Data items
########################################

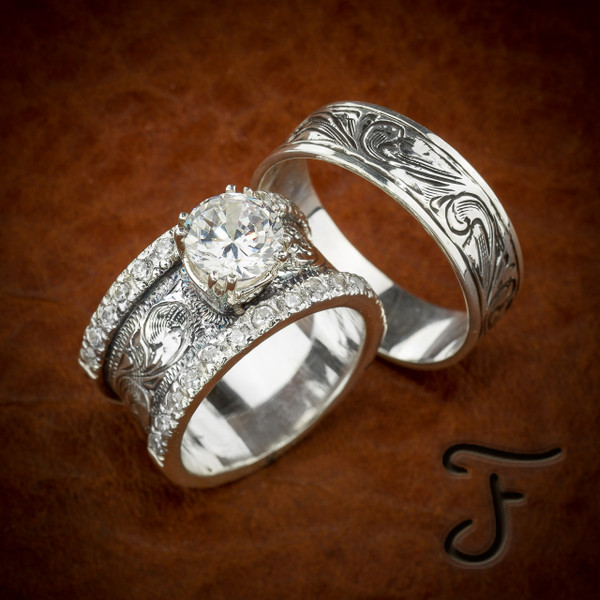 Our rings are sold individually. Wedding sets are meant to demonstrate how our rings look paired.
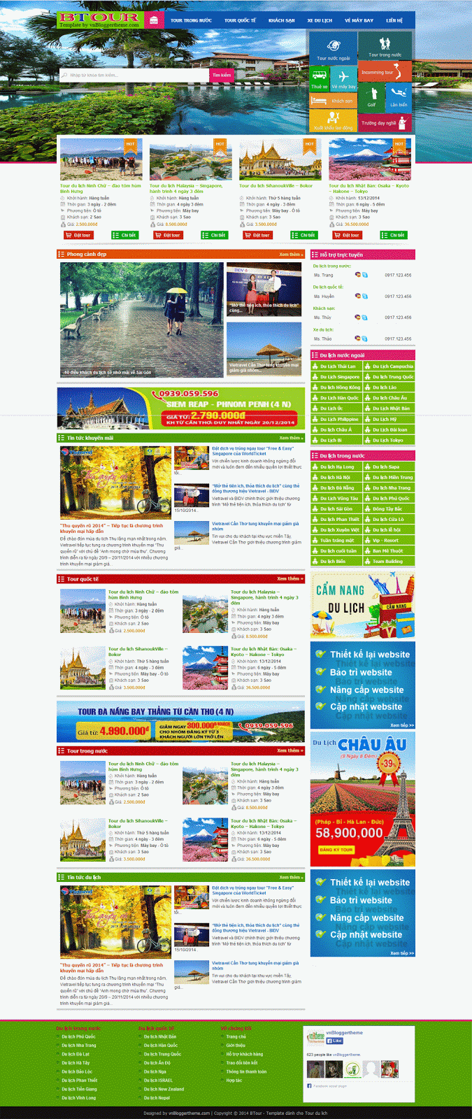 Traidatmui.com – Hôm trước mình đã giới thiệu cùng các bạn 1 giao diện dành cho trang tin du lich đó là mẫu BTravel. Tuy nhiên, đối với BTravel thì chỉ dừng lại ở mức là chia sẻ những tin tức về du lịch, những kinh nghiệm hay những món ăn hữu ích... BTour được nâng cấp hơn là ngoài việc chia sẻ những kinh nghiệm du lịch, những phong cảnh đẹp, nhưng địa điểm hấp dẫn... mà nó còn có thể giúp bạn đăng bán các tour để khách hàng có thể đặt tour ngay trên website của bạn.
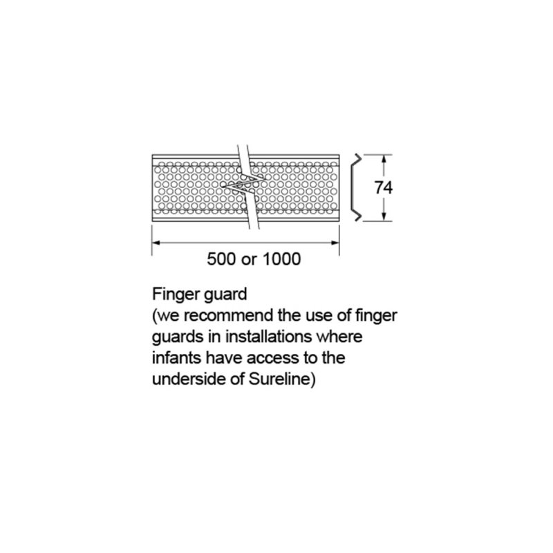 The Smiths Sureline Finger Guard 500mm comes from Sureline range of Skirting Perimeter Heaters manufacture by Smith. The Smiths Sureline Finger Guard 500mm is recommended when infants have access to the underside of the Sureline unit after installation. The Smiths Sureline Finger Guard 500mm measures in at 74mm high and 500mm wide.
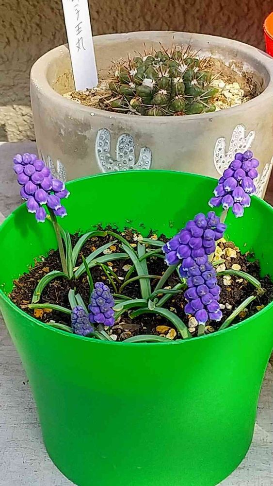 うちの何年めかわからなくなったムスカリさんたち、とってものんびりで、葉っぱをかき分けたらまだまだ下の方にチラッと蕾が控えてる状態です😅
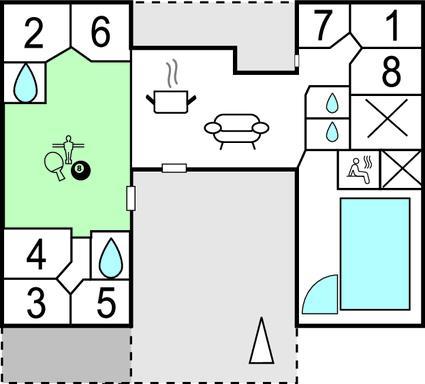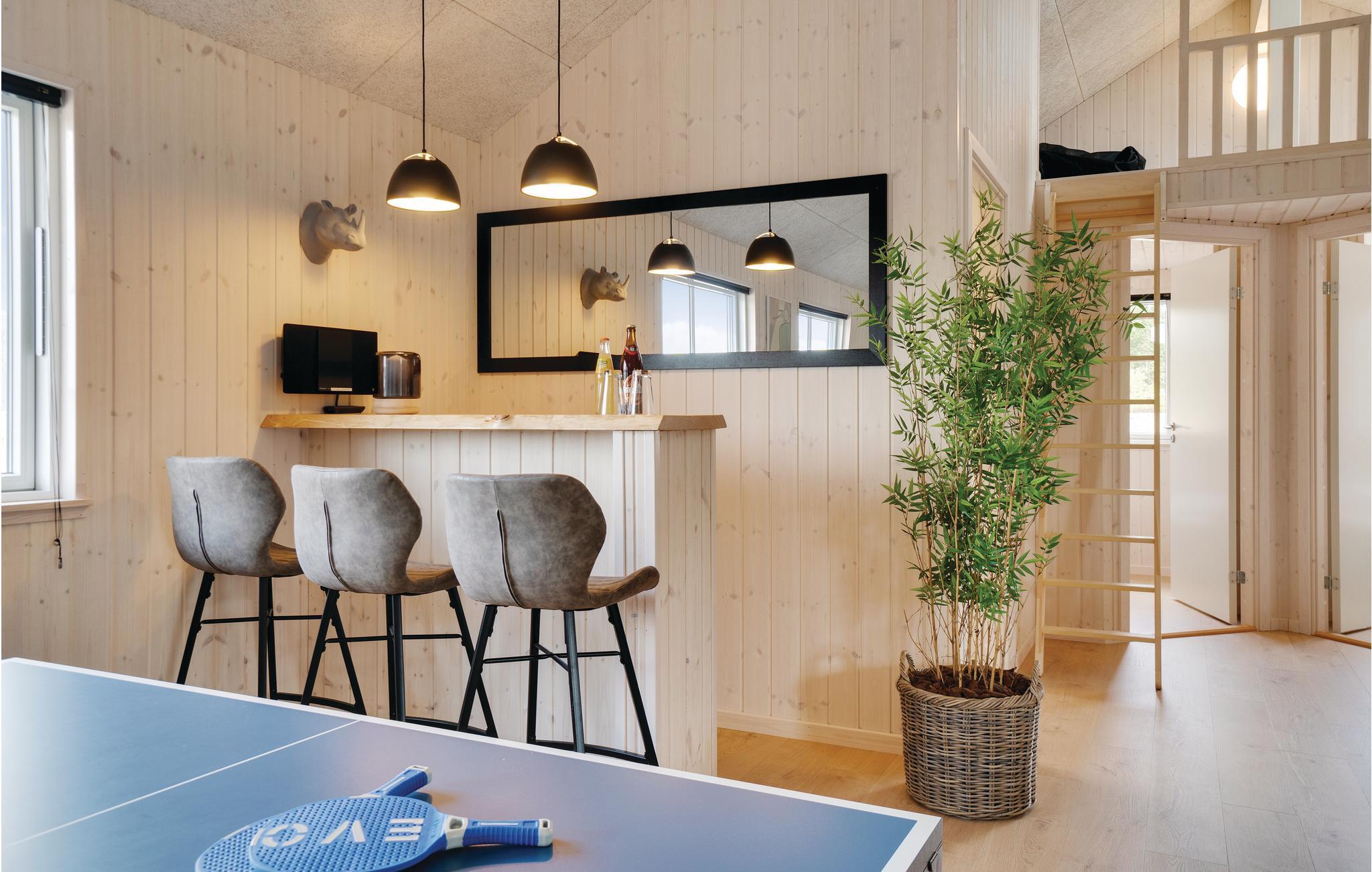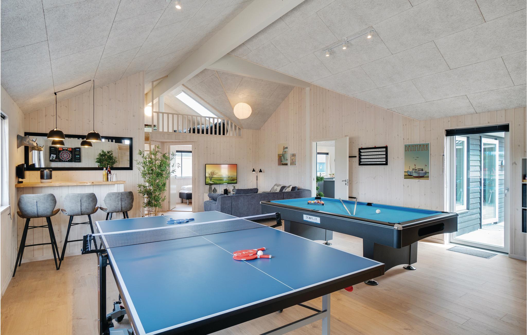 Dette luksuriøse og meget rummelige swimmingpool sommerhus er opført midt i det skønne sommerhusområde ved Houstrup. Her har I mulighed for en gennemført ferieoplevelse, uanset om I er til afslapning eller til aktiviteter. I husets eget badeland kan I nyde godt af den store pool med vandrutsjebane, svømmetræner, stort spabad med plads til 4-6 personer og sauna. Er I til aktiv ferie, så har sommerhuset rigeligt at byde på, hvad angår indendørs aktiviteter. Aktivitetsrummet indeholder både billard, bordtennis og fodboldspil samt et hyggeligt sofahjørne med fladskærm og Playstation4. Trådløst internet i huset er en selvfølge. Det flotte, yderst rummelige køkken har direkte forbindelse til stuen samt rummet hvor baren findes. Køkkenet rummer alle ønskværdige faciliteter, deriblandt to komfurer samt to køleskabe så der let kan laves og opbevares mad til alle.
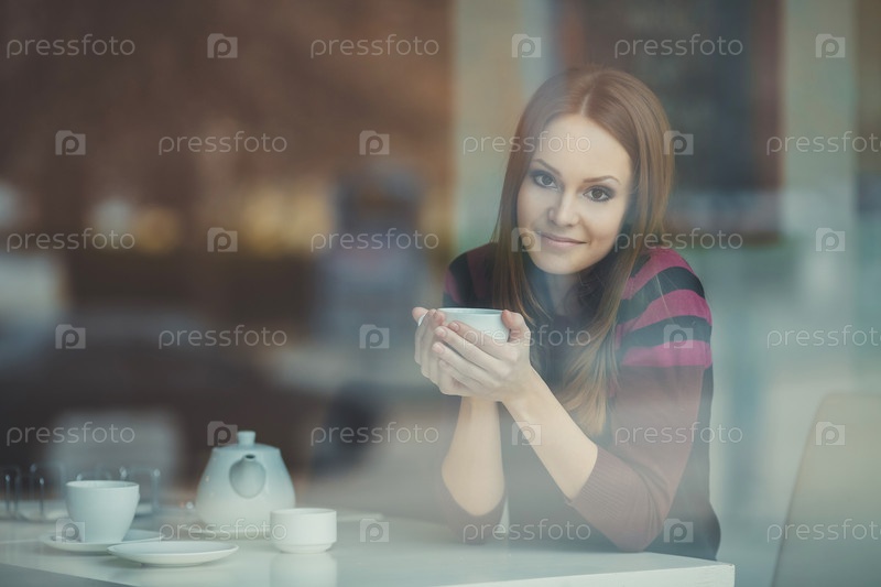Лучезарная девушка в кафе с чашкой чая смотрит через стекло
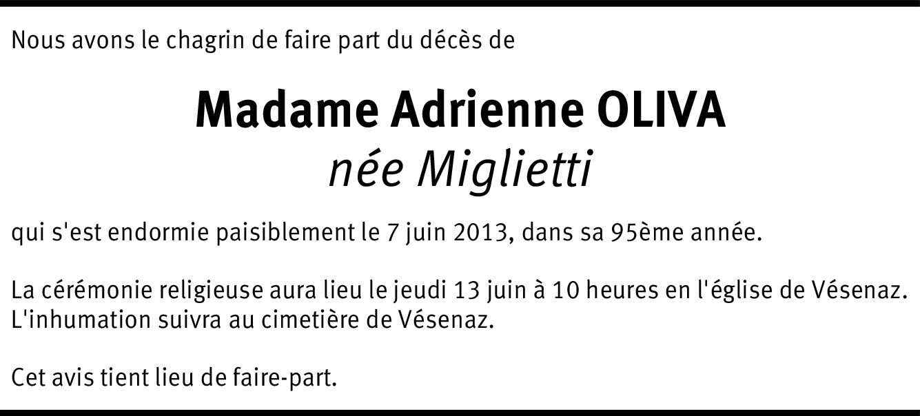 Adrienne Miglietti fut une magnifique artiste lyrique. Soprano coloratura, elle fit les beaux soirs du Grand-Théâtre de Genève (débuts en 1948) et des principaux centres lyriques helvétiques. Elle chanta des premiers rôles de soprano coloratura tels que la Reine de la nuit, Konstanze, Zerlina, Lucia di Lammermoor, Norina, Gilda, Violetta, Ophélie, Lakmé, Philine, etc. Sa carrière la conduisit sur les principales scènes européennes. Elle consacra une part importante de son activité au concert et laisse des enregistrements. Artiste élégante et à la musicalité infaillible, elle laisse le souvenir d'une belle artiste racée et d'une femme élégante et discrète.
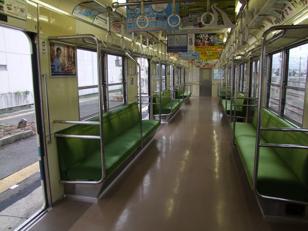 左下写真の115系はJRからの乗り入れ列車で、1日に何本が設定されていて、塗装からもそれは判別付きますが、こちらの車両は構造上、ワンマン運転は行えないというのも、また細かい判別ポイントだったりします(笑)。また、トイレの設定が有るのも、JR所属の車両のみとなっています。
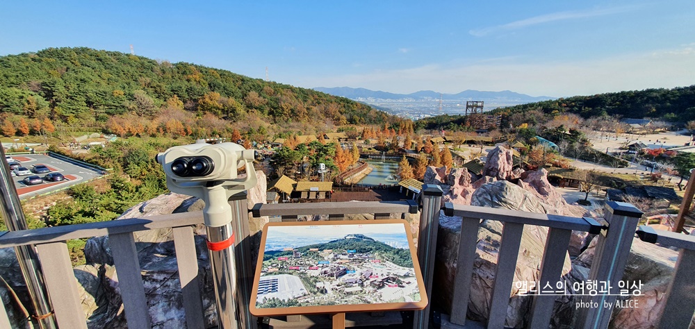 올라가는 중에도 은근히 진짜 광산의 느낌을 그대로 잘 표현했구나 싶을정도로 철광산은 웅장했다. 계속해서 걸어올라가니 익사이팅 싸이클 탑승장소가 보였다. 이곳에서 끝이 아니라 이곳에서 더 올라가야 했다. 그렇게 끝까지 전망대까지 올라가니 탁 트인 전경이 눈에 들어왔다. 날 좋은 가을에, 가을 옷을 잘 차려입은 자연속에서 화려한 가야테마파크가 한 눈에 보는 전망대에 오르길 잘했다는 생각이 들었다. 저 멀리 볼 수 있는 망원경도 무료로 사용할 수 있으니 참고하시길!
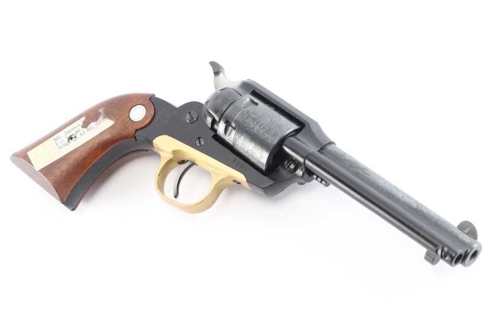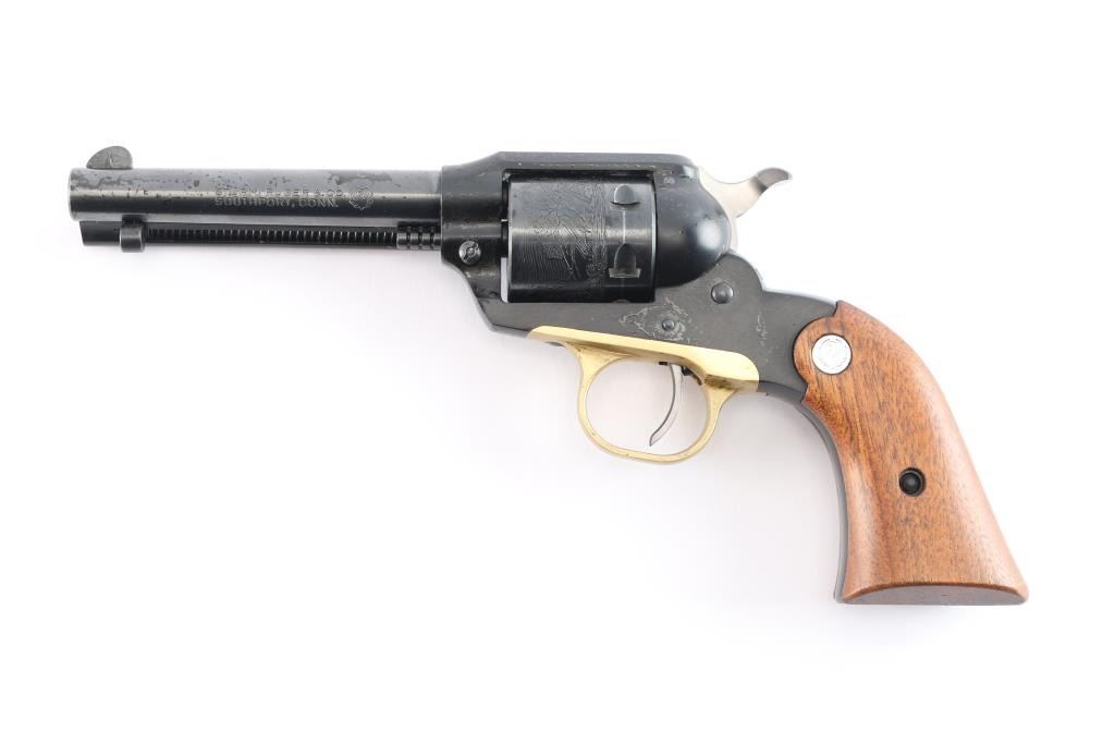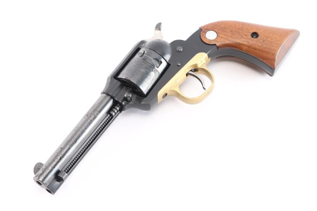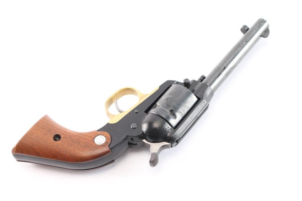 'Old Model’ Small frame single action revolver modeled along the lines of a scaled down Remington 1890 and chambered in .22 Long Rifle. Vintage revolver manufactured in Southport, CT circa 1968. It features a blued 4" barrel, ejector rod with flat faced button, blade front sight, square notched frame rear sight, black anodized alloy frame, unfluted blued six-shot cylinder with roll-stamped bear & cat scene, brass color anodized alloy trigger guard, smooth curved thin trigger, serrated hammer spur, and two-piece smooth walnut grips with Ruger medallions. Revolver retains approximately 98% of its original finish showing some very minor scratches and nicks. Action is crisp with very good lock-up, the bore is excellent, and the walnut grips are excellent minus an address sticker stuck on the right grip panel. This firearm is covered with dried oil, or CLP from storage.
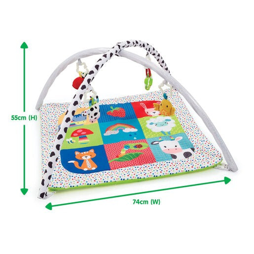 - A super-soft padded playmat featuring two removable arches and 4 detachable toys
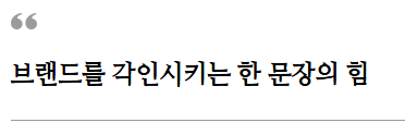 활용되어 브랜드를 각인시키는 역할을 합니다. 브랜드는 결국 한 문장의 철학에서 시작됩니다.

########################################

_INSTRUCTIONS TO FOLLOW_:
A verbatim copy of the data, with all pictures omitted, is the required output.

_WRITTEN RESPONSE_:
 Our rings are sold individually. Wedding sets are meant to demonstrate how our rings look paired.
 Traidatmui.com – Hôm trước mình đã giới thiệu cùng các bạn 1 giao diện dành cho trang tin du lich đó là mẫu BTravel. Tuy nhiên, đối với BTravel thì chỉ dừng lại ở mức là chia sẻ những tin tức về du lịch, những kinh nghiệm hay những món ăn hữu ích... BTour được nâng cấp hơn là ngoài việc chia sẻ những kinh nghiệm du lịch, những phong cảnh đẹp, nhưng địa điểm hấp dẫn... mà nó còn có thể giúp bạn đăng bán các tour để khách hàng có thể đặt tour ngay trên website của bạn.
 The Smiths Sureline Finger Guard 500mm comes from Sureline range of Skirting Perimeter Heaters manufacture by Smith. The Smiths Sureline Finger Guard 500mm is recommended when infants have access to the underside of the Sureline unit after installation. The Smiths Sureline Finger Guard 500mm measures in at 74mm high and 500mm wide.
 うちの何年めかわからなくなったムスカリさんたち、とってものんびりで、葉っぱをかき分けたらまだまだ下の方にチラッと蕾が控えてる状態です😅
 Dette luksuriøse og meget rummelige swimmingpool sommerhus er opført midt i det skønne sommerhusområde ved Houstrup. Her har I mulighed for en gennemført ferieoplevelse, uanset om I er til afslapning eller til aktiviteter. I husets eget badeland kan I nyde godt af den store pool med vandrutsjebane, svømmetræner, stort spabad med plads til 4-6 personer og sauna. Er I til aktiv ferie, så har sommerhuset rigeligt at byde på, hvad angår indendørs aktiviteter. Aktivitetsrummet indeholder både billard, bordtennis og fodboldspil samt et hyggeligt sofahjørne med fladskærm og Playstation4. Trådløst internet i huset er en selvfølge. Det flotte, yderst rummelige køkken har direkte forbindelse til stuen samt rummet hvor baren findes. Køkkenet rummer alle ønskværdige faciliteter, deriblandt to komfurer samt to køleskabe så der let kan laves og opbevares mad til alle.
Лучезарная девушка в кафе с чашкой чая смотрит через стекло
 Adrienne Miglietti fut une magnifique artiste lyrique. Soprano coloratura, elle fit les beaux soirs du Grand-Théâtre de Genève (débuts en 1948) et des principaux centres lyriques helvétiques. Elle chanta des premiers rôles de soprano coloratura tels que la Reine de la nuit, Konstanze, Zerlina, Lucia di Lammermoor, Norina, Gilda, Violetta, Ophélie, Lakmé, Philine, etc. Sa carrière la conduisit sur les principales scènes européennes. Elle consacra une part importante de son activité au concert et laisse des enregistrements. Artiste élégante et à la musicalité infaillible, elle laisse le souvenir d'une belle artiste racée et d'une femme élégante et discrète.
 左下写真の115系はJRからの乗り入れ列車で、1日に何本が設定されていて、塗装からもそれは判別付きますが、こちらの車両は構造上、ワンマン運転は行えないというのも、また細かい判別ポイントだったりします(笑)。また、トイレの設定が有るのも、JR所属の車両のみとなっています。
 올라가는 중에도 은근히 진짜 광산의 느낌을 그대로 잘 표현했구나 싶을정도로 철광산은 웅장했다. 계속해서 걸어올라가니 익사이팅 싸이클 탑승장소가 보였다. 이곳에서 끝이 아니라 이곳에서 더 올라가야 했다. 그렇게 끝까지 전망대까지 올라가니 탁 트인 전경이 눈에 들어왔다. 날 좋은 가을에, 가을 옷을 잘 차려입은 자연속에서 화려한 가야테마파크가 한 눈에 보는 전망대에 오르길 잘했다는 생각이 들었다. 저 멀리 볼 수 있는 망원경도 무료로 사용할 수 있으니 참고하시길!
 'Old Model’ Small frame single action revolver modeled along the lines of a scaled down Remington 1890 and chambered in .22 Long Rifle. Vintage revolver manufactured in Southport, CT circa 1968. It features a blued 4" barrel, ejector rod with flat faced button, blade front sight, square notched frame rear sight, black anodized alloy frame, unfluted blued six-shot cylinder with roll-stamped bear & cat scene, brass color anodized alloy trigger guard, smooth curved thin trigger, serrated hammer spur, and two-piece smooth walnut grips with Ruger medallions. Revolver retains approximately 98% of its original finish showing some very minor scratches and nicks. Action is crisp with very good lock-up, the bore is excellent, and the walnut grips are excellent minus an address sticker stuck on the right grip panel. This firearm is covered with dried oil, or CLP from storage.
 - A super-soft padded playmat featuring two removable arches and 4 detachable toys
 활용되어 브랜드를 각인시키는 역할을 합니다. 브랜드는 결국 한 문장의 철학에서 시작됩니다.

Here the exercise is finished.